The board of directors is authorized, in accordance with the Danish Companies Act, Section 169, cf. Section 155, Subsection 2, during the period until 29 May 2029 on one or more occasions to issue warrants to members of the executive management and employees, advisors and consultants of the Company or its subsidiaries entitling the holder to subscribe shares for a total of up to nominal value of DKK 1,000,000 without pre-emptive rights for the Company’s shareholders. The exercise price for the warrants shall be determined by the board of directors in consultation with the Company’s advisors and shall at least be equal to the market price of the shares at the time of issuance. The board of directors shall determine the terms for the warrants issued and the distribution hereof.

At the same time, the board of directors is authorized in the period until 29 May 2029, on one or more occasions to increase the Company’s share capital by up to a total nominal value of DKK 1,000,000 without pre-emptive rights for the existing shareholders by cash payment in order to implement the capital increase related to exercise of the warrants.

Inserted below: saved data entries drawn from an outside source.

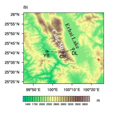 ▲苍山地区的地形高度,黑色圆点代表台站的位置(YB:漾濞站,CS:山顶站,DL:大理站)。 来源:中国气象科学研究院小尺度山地剖面气象观测网络建成后,研究人员发现,山顶站的降水频次约是西侧水平距离14公里外漾濞站(东侧水平距离9公里外大理站)降水频次的3.6倍(4倍),山顶站的降水量约为漾濞站(大理站)的2.7倍(2.6倍)。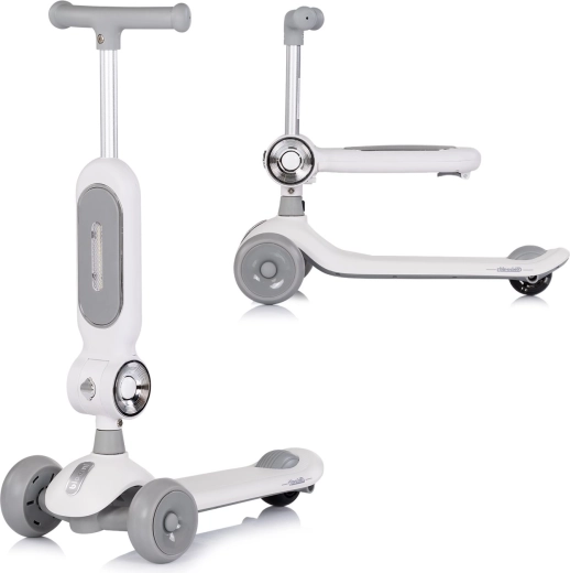 CHIPOLINO Bloomi 2v1 raste z otrokom – začnite kot udoben poganjalec s sedežem in preidite na skiro, ko mali voznik pridobi samozavest. Zaradi triciklične zasnove je vožnja stabilna in intuitivna, široka deska z nedrsečo površino pa povečuje varnost in udobje.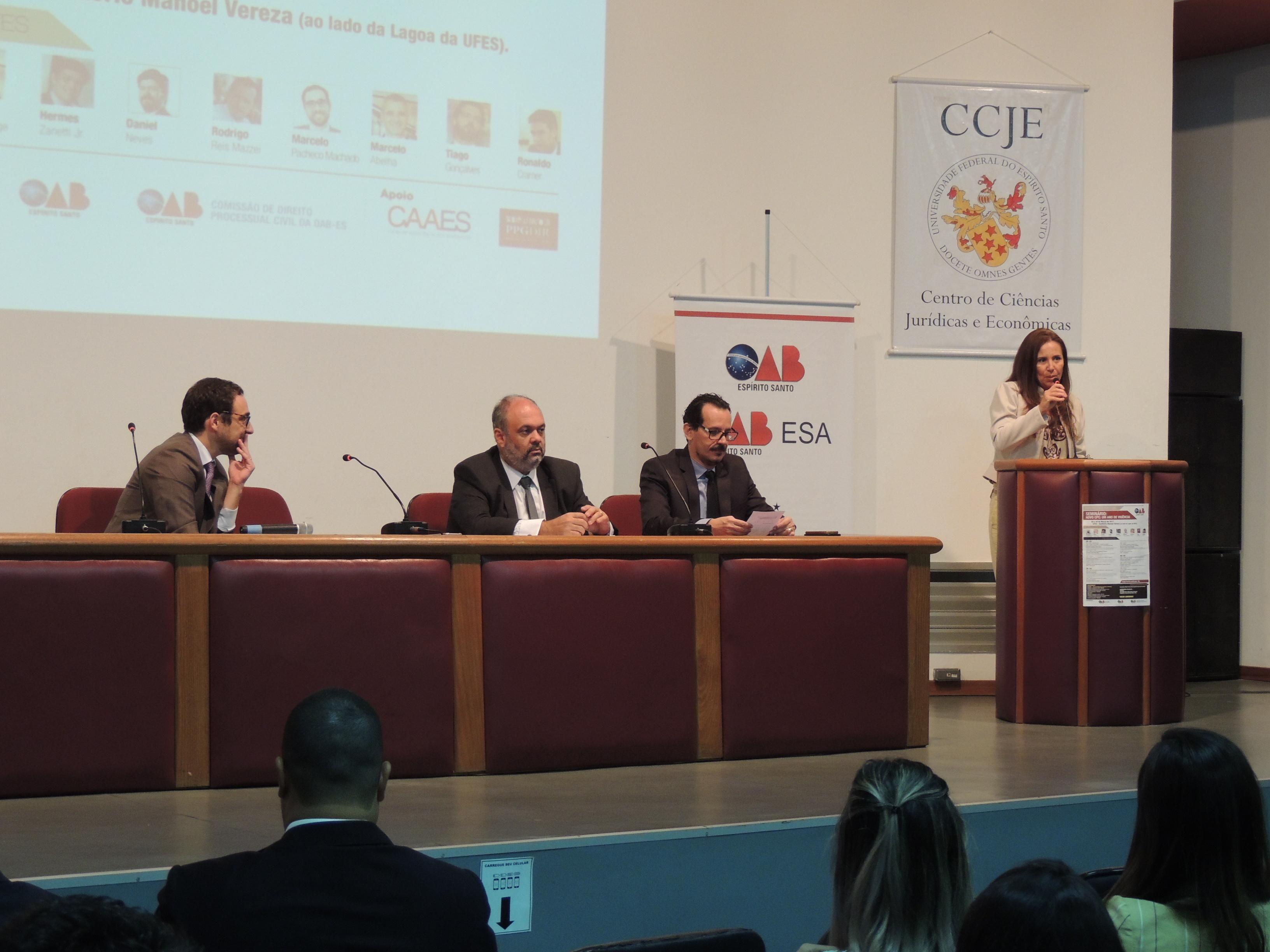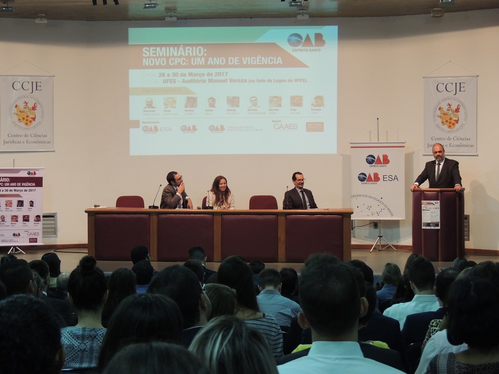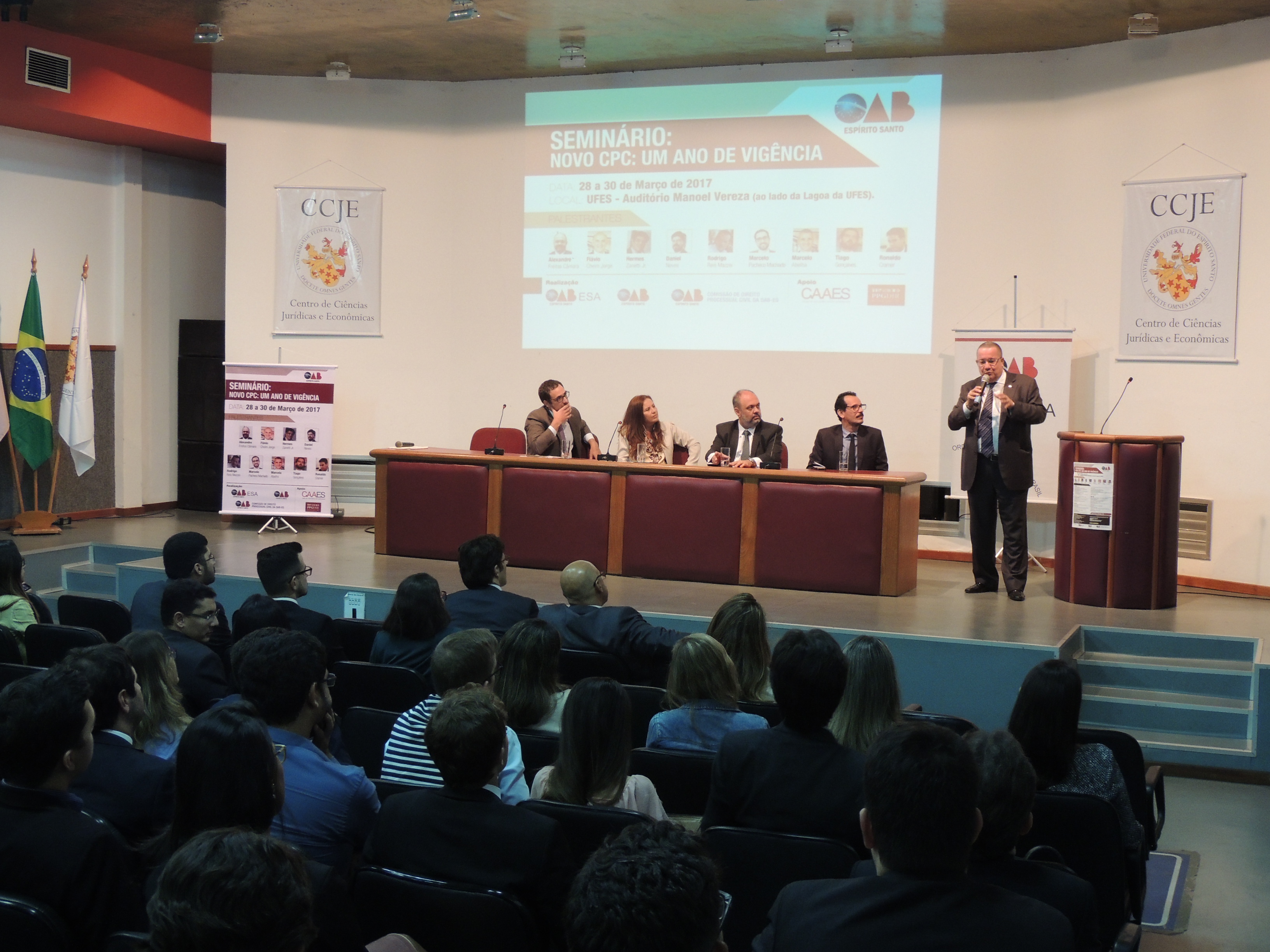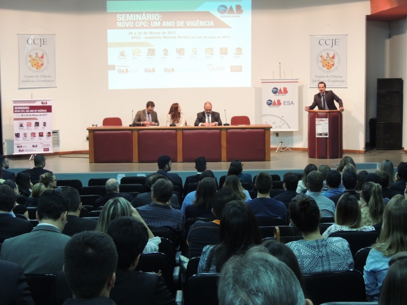 Com quase todos os lugares do auditório ocupados, teve início nessa terça-feira (28) o Seminário sobre um ano de vigência do novo CPC, no auditório Manoel Vereza, na Ufes. Mais uma vez a ESA e OAB-ES, por meio da Comissão de Direito Processual e com o apoio da CAAES, proporcionam aos advogados capixabas o estudo sobre o novo Código, reunindo especialistas do estado e de fora para exposições práticas.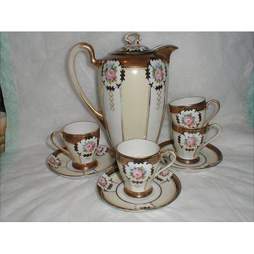 HERE IS A LOVELY 8 PIECE CHOCOLATE POT SET BY NIPPON THAT WAS PRODUCED AROUND 1911. THE CHOCOLATE POT MEASURES 9 IN. TALL WITH THE COVER ON AND 7 1/2 IN. WIDE FROM SPOUT TO HANDLE. EACH CUP MEASURES 2 3/4 IN. TALL AND 2 1/2 IN. IN DIAMETER AND EACH SAUCER MEASURES 4 3/4 IN. IN DIAMETER.<P>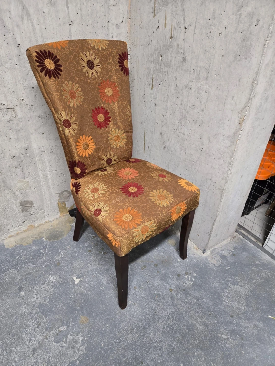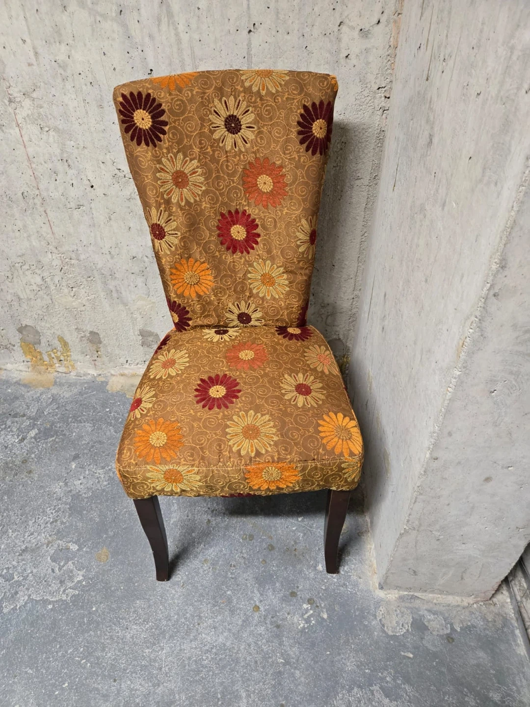 Sturdy high-back dining or accent chair. Upholstered in a durable fabric with a warm autumnal floral pattern and espresso-finished wood legs.

In accordance with this clause the board of directors may increase the share capital with a minimum nominal value of DKK 1 and a maximum nominal value of DKK 1,000,000. The board is authorized to cause such shares to be deposited with a depositary bank and the simultaneous issuance of American Depositary Shares.

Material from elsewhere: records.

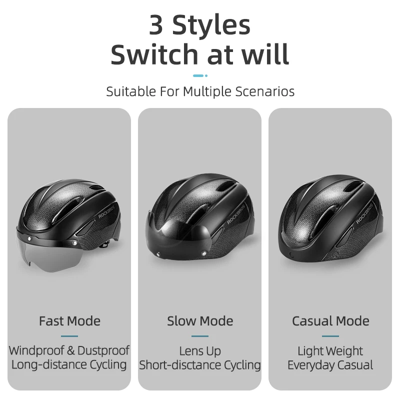 ROCKBROS Bicycle Helmet Men EPS Integrally-molded Breathable Cycling Helmet Men Women Goggles Lens Aero MTB Road Bike Helmet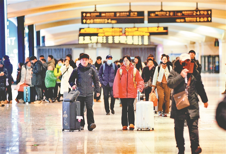 26日,哈爾濱火車站出站口,許多大學(xué)生推著行李箱,走出車站,返回學(xué)校,開啟新學(xué)期的學(xué)習(xí)生活。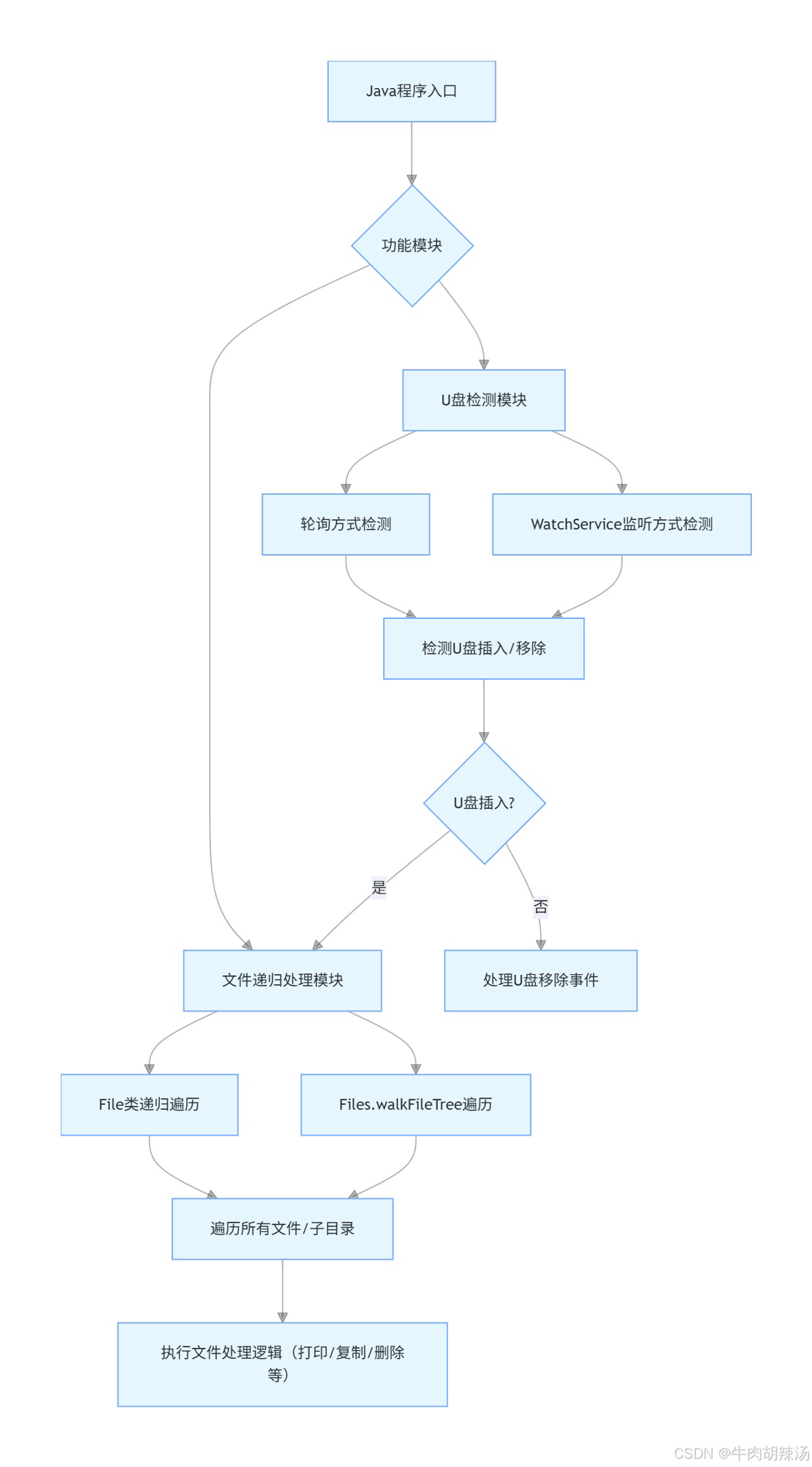 在上面的USBDriveDetector类中,当检测到U盘插入时,调用了FileRecursion.recursiveProcess(new File(drive));方法来递归处理U盘中的文件。这样,当U盘插入时,程序会自动遍历U盘中的所有文件并进行处理。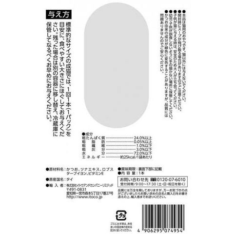 | 粗たんぱく質:24.0%以上、粗脂肪:0.05%以上、粗繊維:1.0%以下、粗灰分:3.0%以下、水分:72.0%以下、エネルギー:約25Kcal/1袋あたり |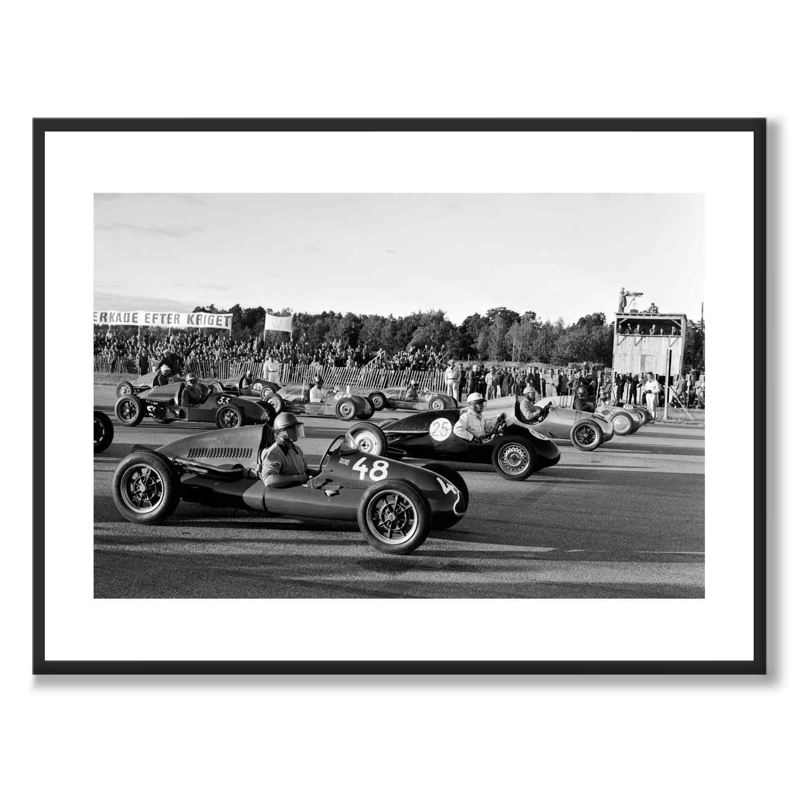 The Skarpnäcksloppet motor race in Stockholm 1952. The cars are lined up at the starting line ready to race.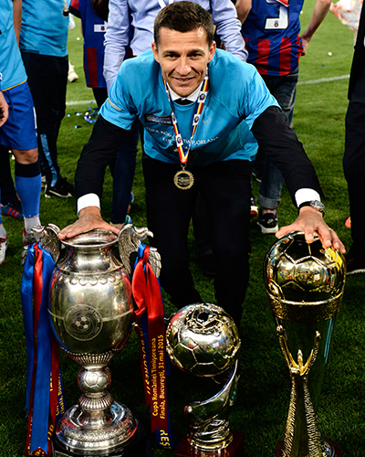 Clubul nostru isi exprima recunostinta pentru performantele extraordinare reusite de catre acesta prin cucerirea „Triplei” Campionat-Cupa Romaniei-Cupa Ligii inca din primul sezon la carma echipei, performanta unica in fotbalul romanesc.
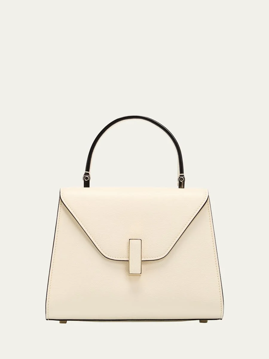 Valextra "Iside" textured leather satchel bag. Flat top handle. Envelope flap top. Inside, one zip pocket. 6.5"H x 8.7"W x 4.7"D. Made in Italy.

The new shares issued based on exercise of warrants shall be non-negotiable instruments issued in the name of the holder and registered in the name of the holder in the Company’s register of shareholders. The new shares shall not have any restrictions as to their transferability and no shareholder shall be obliged to have the shares redeemed fully or partly. No partial payment is allowed. The shares shall be with the same rights as the existing share capital. The new shares shall give rights to dividends and other rights in the Company from the time which is determined by the board of directors in connection with the decision to increase the share capital.


—oo0oo—

The proposals contained in items 1-6 may be adopted by a simple majority of the votes cast. The proposals contained in item 7 may be adopted by a majority of 2/3 of the votes cast and of the voting share capital represented at the general meeting.

The Company’s nominal share capital currently amounts to DKK 58,224,419 consisting of 58,224,419 shares of DKK 1 nominal value. At the general meeting, each share amount of DKK 1 nominal value carries one vote.

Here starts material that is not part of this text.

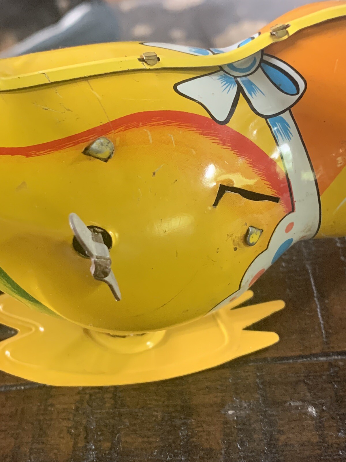 как выглядит Vintage 1950S TPS TIN LITHO MECHANICAL WIND UP colorful pecking Bird фото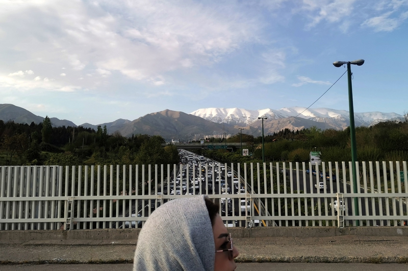 4月22日,一名女子在伊朗德黑兰北部的一座天桥上行走。新华社/法新

Information: The following information is available at the Company’s website www.ascendispharma.com as of May 2, 2024.

 

   

Notice to convene the annual general meeting

 

   

The aggregate number of shares and voting rights as at the date of the notice to convene the general meeting

 

   

The documents that will be submitted at the general meeting, including the audited annual report

 

   

The agenda and the complete proposals for adoption

 

   

Forms for voting by proxy or by mail

The convening notice will also be forwarded in writing to all shareholders recorded in the register of shareholders who have requested such notification.

Shareholders may submit questions to the Company in writing regarding the agenda and/or the documents prepared for the general meeting.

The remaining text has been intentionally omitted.